Last week {or maybe the week before that} one of my very favorite bloggers, Meg Fee, posted a quote from The Velveteen Rabbit that has stuck with me ever since I read it. It reads:

"You become. It takes a long time. That's why it doesn't happen often to people who break easily, or have sharp edges, or who have to be carefully kept. Generally, by the time you are Real, most of your hair has been loved off, and your eyes drop out and you get loose in the joints and very shabby. But these things don't matter at all, because once you are Real you can't be ugly, except to people who don't understand." -Margery Williams

Like I said before, I simply could not get this quote off my mind. I think I love it so much because as far as I'm concerned it is about as accurate as a quote can get. It perfectly explains what I feel like I've been doing for the past three years or so. Trager and I have had our fair share of "becoming" opportunities as we try to figure out what our future holds. We've had so many "loose joint" and "shabby" moments where we kind of went, "Are we 'Real' yet? Can we be done now?" And even while I was I asking these questions I think I always knew the answer was the same..."Nope, you're not quite done yet!" It was easy to feel at times that this process of "becoming" was never ending and despite my wishing it wasn't the case, I still don't really feel like this process has an end date. 
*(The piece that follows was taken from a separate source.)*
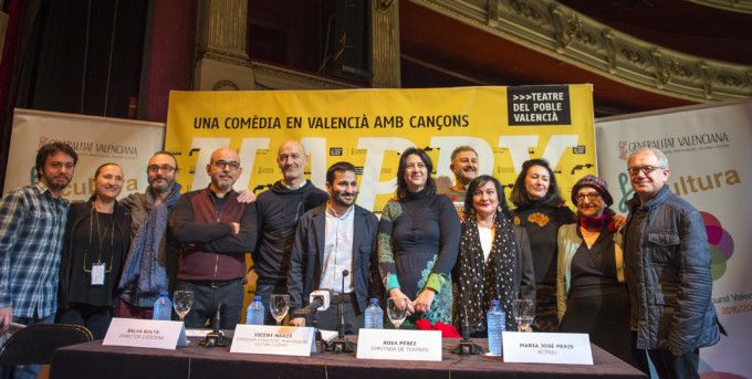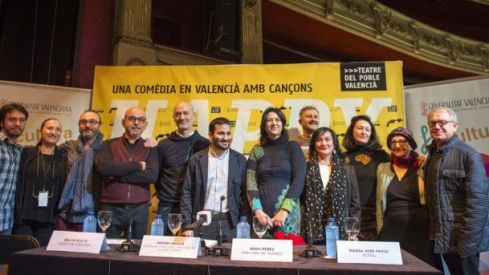 La diputada delegada de Teatros, Rosa Pérez Garijo, ha presentado en el Teatro Principal la comedia musical “Happy End”, una obra producida conjuntamente entre la Diputación de Valencia y CulturArts de la Generalitat, junto al conseller de Cultura y Educación, Vicent Marzà, el director de escena Salva Bolta y la actriz María José Peris.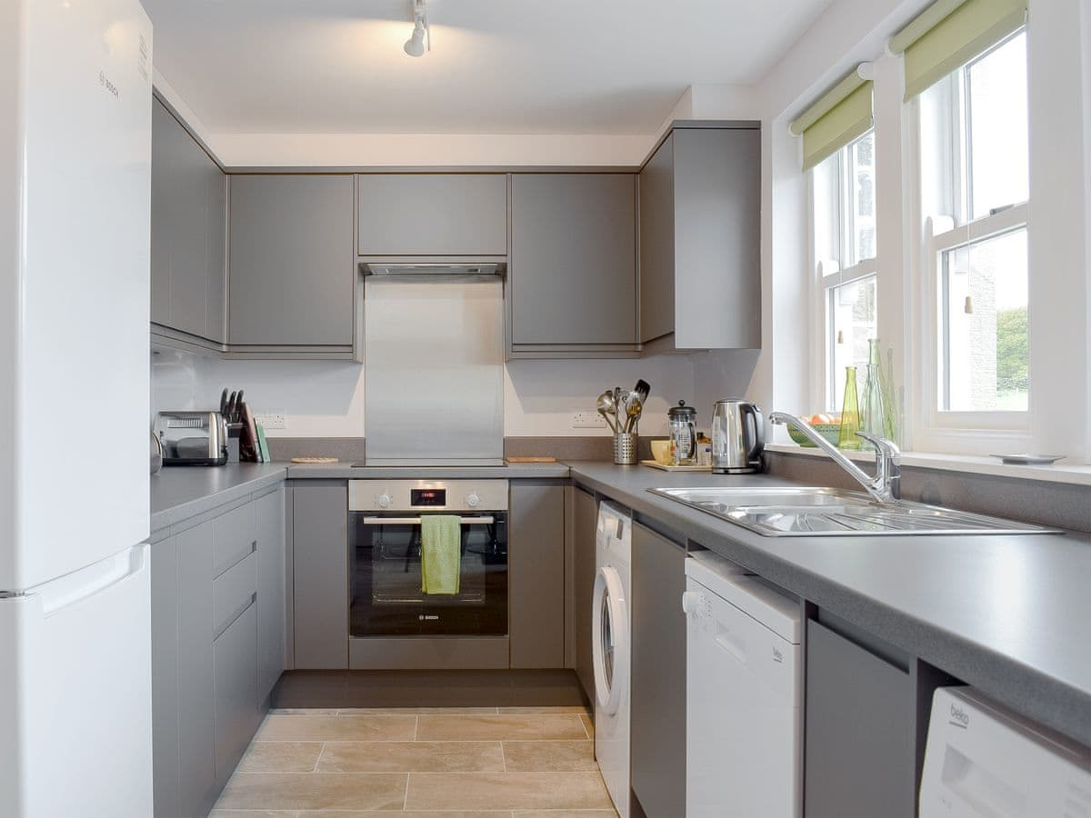 Kitchen: Galley style with breakfast bar, electric cooker, microwave, fridge/freezer, dishwasher, washing machine, tumble dryer, beams and tiled floor.

But, I do feel like it eventually gets easier.
The past two months have brought something new for us...a light at the end of the tunnel. We've got some options on the table that we are prayerfully considering. Yet, ironically, as we get closer to figuring out the next step in our life my strongest emotion isn't what I expected. I remember how I always felt like I would be so relieved and excited to close this chapter in our lives, and while I am so relieved and excited, I'm also really, really grateful we went through all the worry and stress and frustration we did. It made us a little more "real," a little more tough, and a whole lot closer than I think we would have been had things come more easily. I know we are ready for whatever comes next in our lives simply because we made it through all the unknown this chapter held. 
One piece of advice I would give to anyone who feels like this is what they are going through... I highly suggest finding someone like Trager Hintze to go through it with you. Not only does it make it easier, but  I can imagine it will be fun to look back on together years from now :)
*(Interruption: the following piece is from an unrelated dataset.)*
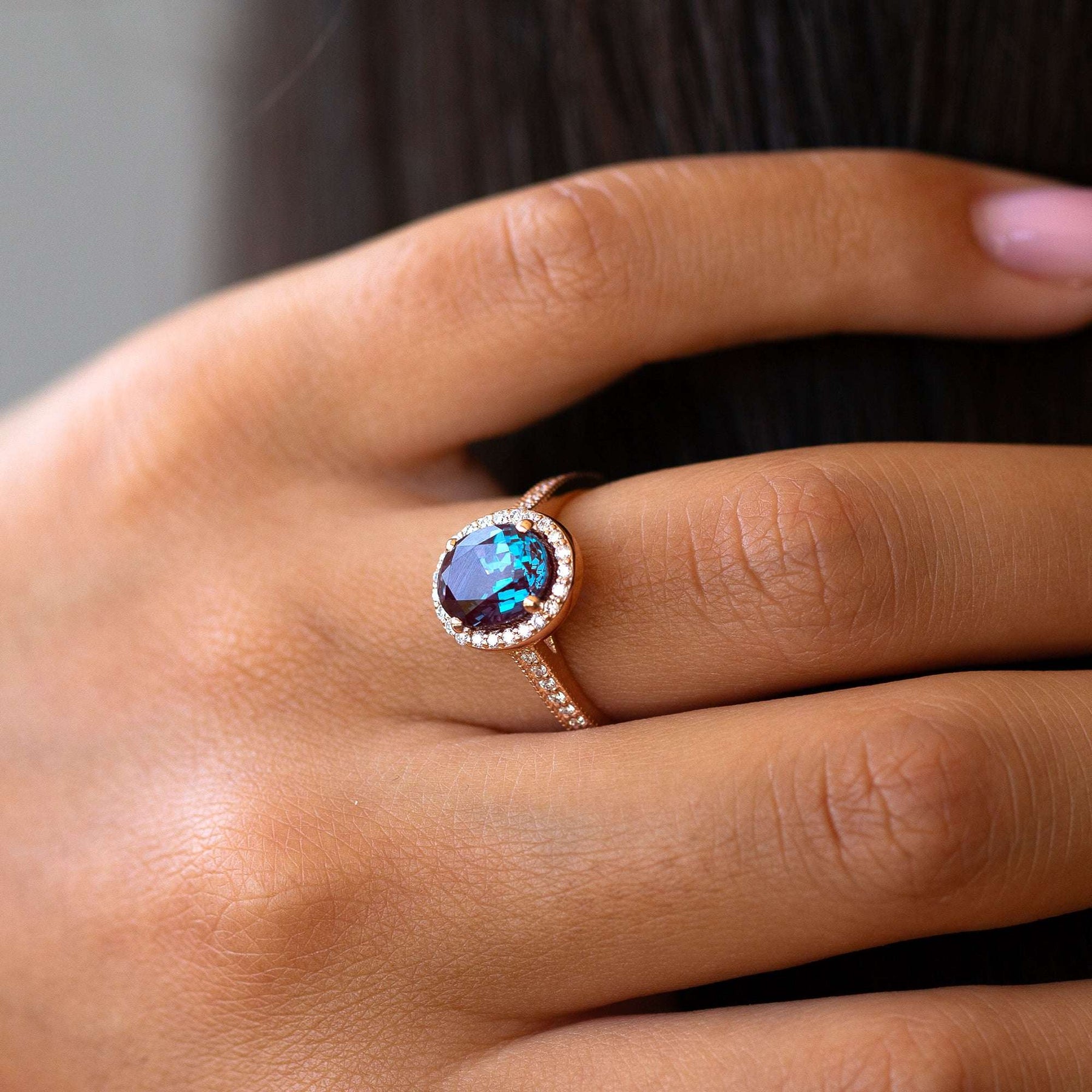 Close-up of a hand wearing an alexandrite engagement ring against a blurred background

{And by years, I do mean years.}

Now about that picture...those of you who don't know Meg, may be wondering why I used her name tag picture for this post, but if you do have the privilege of knowing her you'll understand. Part of why making it through the last year and a half has been doable is because I have the example of Sister Gowens. Meg has been "becoming" on her mission and she's doing it solo. Any time things were extra tough in life I would always think, "If Meg can do all that she's doing, I can do this." 
I really needed her strong example of how to be a stud at "becoming."